Africa in the Works of El AnatsuiA Fateful Journey
For a long time, contemporary African art received little attention outside Africa, but after the “Magiciens de la Terre” exhibition held in Paris in 1989, many in the art world started to take notice. From that point on, exhibitions related to modern African art have been held all over the world, and this has led to a series of symposiums and publications.
In recent years, the sculptor El Anatsui (1944–), who was born in Ghana but now resides in Nigeria, has become known for using the caps of wine and beer bottles, as well as refuse like discarded labels, to weave large textiles on an elegant scale. He is a brilliant artist active, not just in Africa, but globally as well—he has already been invited twice to the Venice Biennale exhibition, and his works are prominently displayed in museums and galleries.

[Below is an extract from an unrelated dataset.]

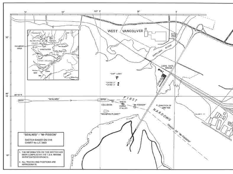 Shortly after midnight on 19 December 1993, in good visibility, the "SEALNES" was approaching the First Narrows, inbound to Vancouver Harbour, when she collided with the "MR. FISSION" which was drifting in the main channel after an engine malfunction. The three crew members of the "MR. FISSION" were promptly rescued by one of the tugs in the area before their capsized vessel sank.

However, the environment surrounding African artists is a complex one. For instance, their “home” is often in a state of limbo between various museums and galleries. As an example, El Anatsui’s works can be seen in the British Museum in London and the Centre Pompidou (National Museum of Modern Art) in Paris.
In this exhibition, we proactively recapture the circumstances in which this type of African art has been placed and tell the story of El Anatsui’s world of art from the dual perspectives of art history and cultural anthropology. Through this, we seek out a new, creative, cooperative alliance between art history and anthropology, as well as art museums and ethnological museums.